God is just a metaphor of life. i find it great, interesting. if you learn how god works, then you learn how society works. god is everything, the heaven and hell are what you get here in the planet based on your actions. we dont have conscience (conscience=soul i read somewhere), so we dont go neither to heaven or to hell (we dont have peace and we dont get punished for our acts). some call it karma, well, karma isnt for us too.

i will be reading more of your writings, theres a lot to learn.


Re: Confessions about love, relationships guilt and the world from a young sociopath.

Good doctor -

Here’s a little anecdote that I just read which I think says what I wanted to say about why science and naturalism is the preeminent epistemological method in my worldview far better than I did:

“Imagine you have two friends, one named Theo who tends to tell you what you want to hear -- old and flattering stories that makes things simple and certain -- and one called Phil who tends to tell new stories without quite the same regard for what you want to hear. Now for the longest time, it seems to make no practical difference just who you listen to, so you tend to favour Theo, perhaps because your parents swear by him, or perhaps because you happen to like his wondrous worldview.
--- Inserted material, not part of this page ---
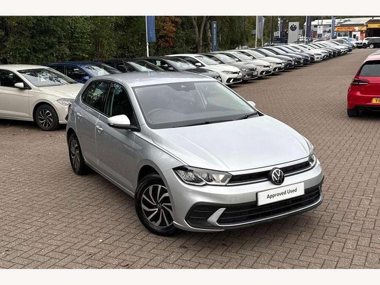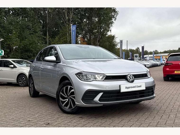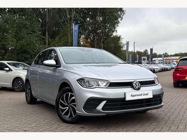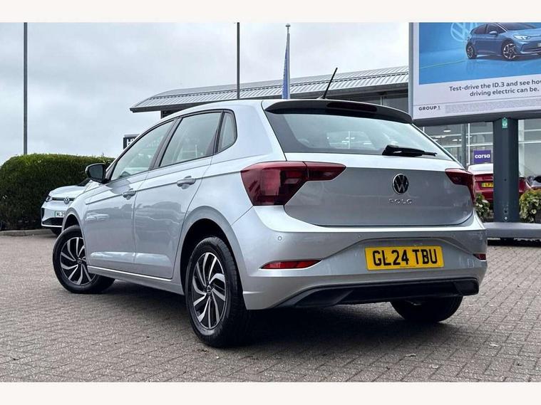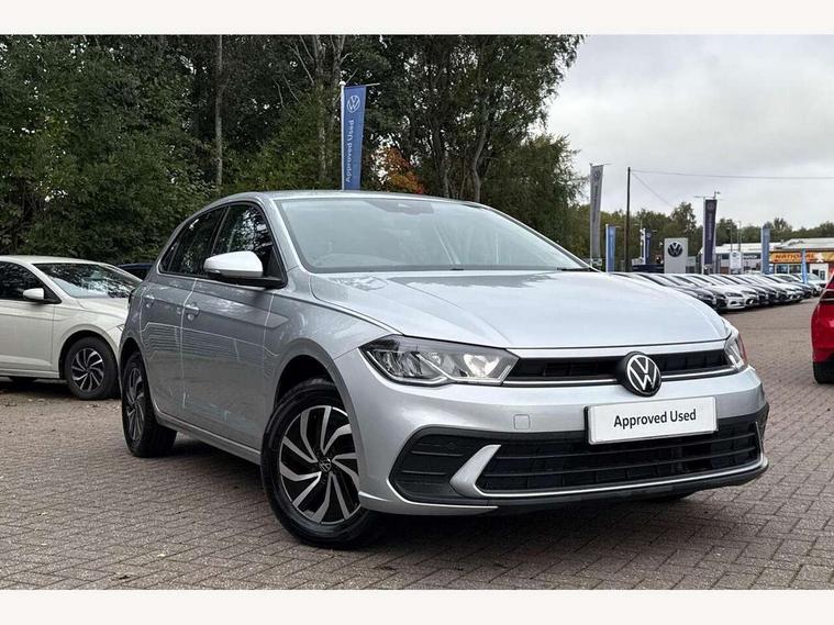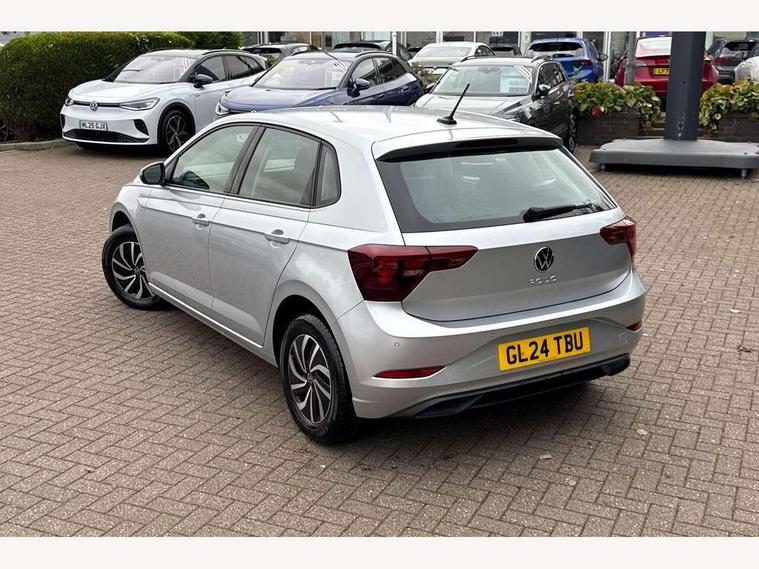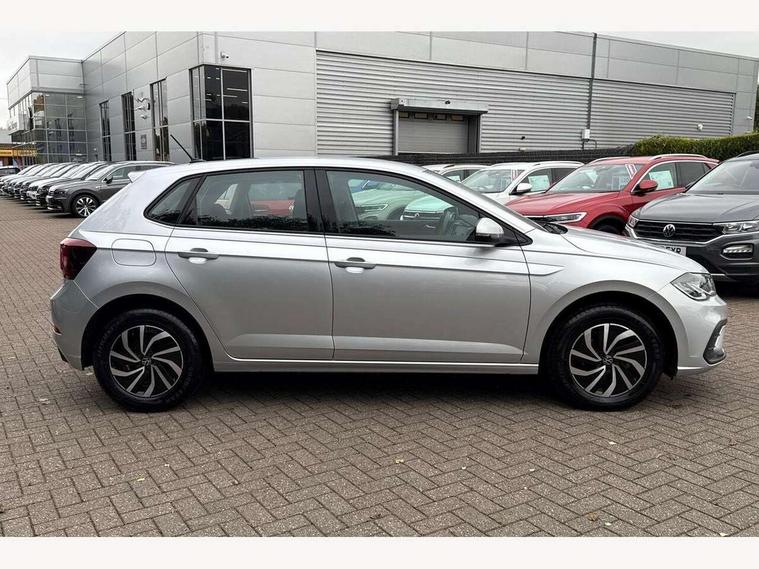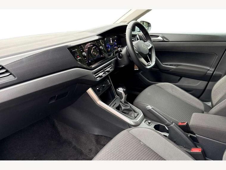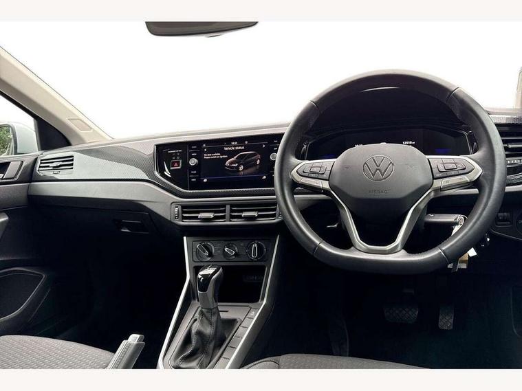 Adaptive cruise control with follow-to-stop and speed limiter, Advanced driver attention and drowsiness monitor, Bluetooth mobile phone interface, Dynamic road sign display, Emergency call service, Power assisted speed sensitive steering, Preparation for navigation system with media and internet package, Preparation for We connect and We connect plus, Speedo and rev counter, electronic odometer, trip, service interval display and exterior temperature gauge, Standard rear axle, Travel Assist - Lane keeping system and traffic jam assist, Travel assist including emergency assist, Trip computer, Warning signal and warning light for front and rear seatbelts not fastened, Washer fluid level indicator, Wireless app connect, Front wheel drive, Rear shock absorpion, Start-stop system with battery regeneration (recuperation - energy recovery during braking), DAB Digital radio, Diversity antenna for FM reception, Automatic dimming interior rear view mirror, Automatic headlight control with LED separate daytime running lights with coming/leaving home function, Body colour bumpers with chrome inserts, Body colour door handles, Body colour door mirrors, Electric front windows, Engine badge deletion, Headlight range adjustment, Heat insulating and laminated safety glass windshield, Heat insulating darkened glass in side and rear windows, Heat insulating glass windscreen, LED Headlights, LED rear combination lamps, Power folding adjustable/heated exterior mirrors and front passenger exterior mirror lowering function, Rain sensor, Rear electric windows, Rear fog light, Rear side wing doors, Rear windscreen washer and wiper with interval delay, Third brake light, 12V power socket in centre console, 2 front and 2 rear reading lights with switch off delay and dimmer, 2 USB-C ports in the front, 2 USB-C charging sockets on the center console in the rear, 3 rear head restraints, 60/40 split folding rear seat and rear seat bench not split, Ceramique roof lining, Chrome plated radiator grille inserts, air vent surrounds and light switch surrounds, Door and side trim panel, Driver and front passenger seat height adjustment, Driver/passenger sunvisors with illuminated vanity mirrors, Front centre armrest, Front seat backrest storage pockets, Front standard seats, Handbrake lever handle in leather, Hartley/Thomas cloth upholstery, Headliner in recycled material, Isofix child seat preparation easy-fit (for two outer rear seats, and front passenger seat) compatible with I-size, Leather trimmed gear knob, Luggage compartment cover, Luggage compartment lighting, Removable luggage compartment floor, Single front passenger seat, Standard climatic zones, Standard pedal cluster, Three spoke leather wrapped multifunction steering wheel with shifting paddles, Light and vision pack - Polo, 3 point height adj front seatbelts + pretensioners, 3x3 point rear seatbelts, ABS, Driver and front passenger airbag with front passenger airbag deactivation, Drivers and front passengers safety optimised head restraints, ESC (Electronic stability control) + EDL (Electronic Differntial lock) and ASR (Traction control), Extended and predictive pedestrian/ cyclist protection, Front assist with autonomous emergency braking (for Adaptive Cruise Control ACC up to 130 mph), Front curtain and side airbags with center airbag, Front disc brakes, Hill hold control, Manual child lock in rear doors, Rear drum brakes, Single tone horn, Tyre pressure loss indicator, Alarm with interior protection, Anti-theft alarm system with interior monitoring, backup horn, and towing protection, Anti-theft wheel bolts, Electronic engine immobiliser, Lava stone black gloss/matt decorative inserts in dash and front door panels, Low rolling resistance tyres,

Then one day Phil introduces you to his younger and equally innovative sibling, Nat. Now at first, you find Nat rather irritating. Not only does he avoid answering the interesting questions, he seems to make things pointless and unnecessarily complicated. But to your astonishment, you discover that his explanations make a real practical difference. In one breath he says, 'humans are but one animal among many,' and in the next breath he tells you how to track and avoid cholera epidemics. And as time passes, he starts talking more and more, and the things he makes possible become more and more remarkable: supercomputers, MRI's, thermonuclear devices -- things that entirely transform your life.

As this happens, you can't help but look somewhat askance at Theo and Phil -- after all, Nat has inadvertently provided you with a pretty imposing yardstick. You still like what the duo have to say -- even more, you realize they're saying things you need to hear to make sense of your life, especially in the indifferent world of blind processes revealed by Nat (the 'disenchanted world'). And yet, they just don't seem to measure up. Their claims still don't make any practical difference, and they remain utterly incapable of resolving any of their debates -- certainly not the way Nat the wunderkind can.

Because of the extraordinary successes of scientific naturalism (Nat), both religion (Theo) and philosophy (Phil) have become fallen forms of cognition, or knowing, in contemporary society. Our culture is filled with curious phenomena that attest to this 'fall.' Religious belief, for instance, has become a matter of 'personal preference.' Traditional prohibitions, like working on the Sabbath or viewing pornography, and traditional biases, like those against women or homosexuality, have either fallen or are presently falling by the wayside…

Scientific method is a hodgepodge of techniques and procedures that enable (albeit in a messy and retail manner) the world rather than our fears and biases to determine our conclusions. It's a kind of discipline, a 'cognitive kung-fu,' and it's utterly transformed our lives as a result. Before science, however, we were able to interpret the world pretty much anyway we pleased. We had no procedural discipline, no way to avoid our hardwired tendency to anthropomorphize or to guard against our hardwired weakness for flattery, oversimplification, and blind certainty. So we tried to understand the world the way we understood each other, as a something possessing purpose and motive. We saw the world as something personal rather than an aggregate of blind and indifferent processes. Existence, we thought, was a kind of extended family, where pleas (prayers) or demands (incantations) were often heard and answered. Before science, in other words, we still saw ourselves as fundamental participants in the world -- as helpless as we were! We knew nothing, and yet things made sense…”

Naturally you can see why I am more inclined to look for understanding of experiences like love in the nautural sciences than am I in, say, philosophy.